Merchants who process payments through acquirers and payment processors must worry about what would happen if payment processing faces hiccups.
While losses are unlikely, the current COVID-19 recession has had negative impacts even on large financial institutions like banks and may cause panic among merchants who rely on them for various services.
Payment processors are now tightening rules and making unprecedented changes that could put your business at risk.
Qualpay, for instance, has stopped processing transactions for merchants in high-risk categories. Square, on the other hand is holding back 30 percent of payments processed for specific merchants?
Many other processors are making moves that might affect how you do business. While such news are enough reason to panic but, businesses must recognize that this isn’t the first time the payment world is facing such disruptions.
So what’s the worst that could happen?
With payment companies taking extreme measures, business that fall on the wrong side of the new regulations may suffer frozen funds.
While many businesses will be affected, risky industries will likely feel more heat than other sectors.
Merchant categories like subscription boxes, digital products, adult entertainment, CBD dealers and forex will suffer most.
Affected businesses will receive an email explaining the changes in regulation that might lead to contract termination.
This situation can disrupt your business a great deal, especially if you rely entirely on a single merchant account and payment processor for all your business dealings.
How Merchants Can Survive a Chaotic Payment Environment
While a business can’t do much about regulatory changes and contract terminations, merchants can improve their chances of surviving and growing in a chaotic payment environment in the following ways;
Multiple Payment Options
While credit cards are a staple, they are not the only way to accept customer payments. Merchants can try alternatives like ACH processing and cryptocurrency payments.

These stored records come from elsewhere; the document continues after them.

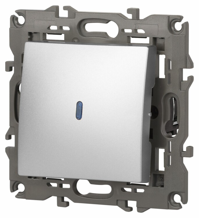 Выключатель 1-клавишный подсветка Эра Elegance а люминий 14-1102-03. Оснащён автоматическими клеммами для надёжной фиксации жил кабеля в механизме. Рамки приобретаются отдельно.
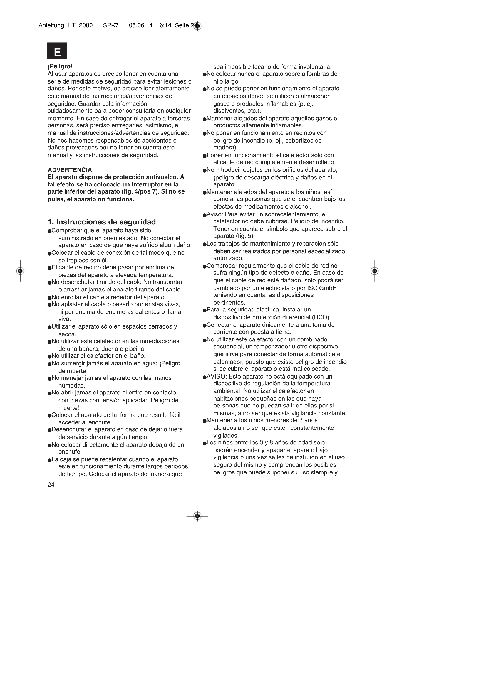 Anleitung_HT_2000_1_SPK7__ 05.06.14 16:14 Seite 24cuando el aparato se encuentre situado o instalado en una posición de uso normal. Los niños entre los 3 y 8 años de edad no podrán enchufar el aparato a la toma de corriente, regular el aparato, limpiar el aparato ni realizar el mantenimiento que corre a cargo del usuario. n ¡Cuidado! Algunas piezas del producto pueden estar muy calientes y provocar quemaduras. Se ruega prestar especial atención en presencia de niños o personas que necesiten protección. ¡Peligro! Leer todas las instrucciones de seguridad e indicaciones. El incumplimiento de dichas instrucciones e indicaciones puede provocar descargas, incendios y daños graves. Guardar todas las instrucciones de seguridad e indicaciones para posibles consultas posteriores.
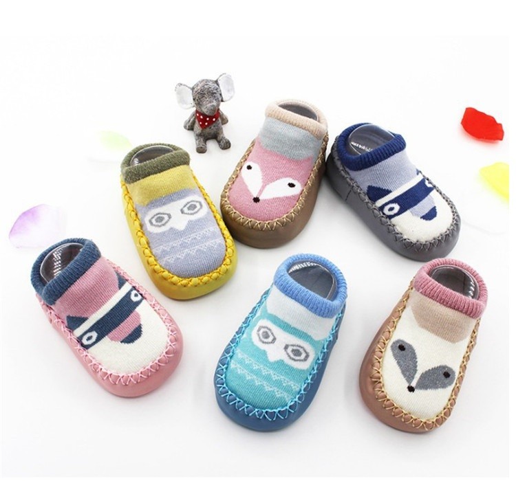 Meias de qualidade com sola mais rígida e estampado de animais.
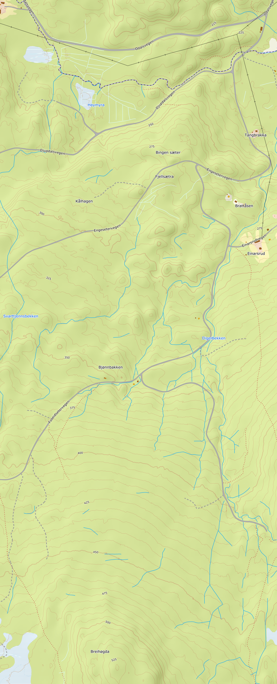 Jeg parkerte i krysset vest for Geittjennet og fulgte veien helt opp til den dreide rett vestover i 420 meters høyde. Helt opp hit var veien brøytet og det er mulig at jeg kunne kjørt dette stykket, men tok ikke sjansen. Videre opp til toppen var det dyp snø, og da kom trugene jeg hadde festet på sekken godt med. Det var flere fine utsiktspunkter underveis retning nordover, men på selve toppen var det bare trær å se. Jeg fant heller ingen markering av toppunktet, mulig det lå under den dype snøen. Samme vei tilbake.

These avenues come with extra benefits such as reduced chargebacks and affordable payment processing.
Bank Accounts versus electronic Wallets
You want to embrace traditional bank accounts for one reason; unlike e-wallets, they won’t bombard you with the sudden news of a closure.
It is okay to go digital, but is safer to store your finances in long-established banks that won’t liquidate and run out business in an instant.
Hammer out a Lower Reserve
Reserves often reach 20 to 30 percent depending on your payment enabler. To hammer out a lower reserve, a business must reduce chargeback levels and maintain a desirable ratio for three to six months.
Take quick steps to protect your business in a shaky payment ecosystem. Implementing today will not only push you through COVID-19 but also open new business opportunities in the future.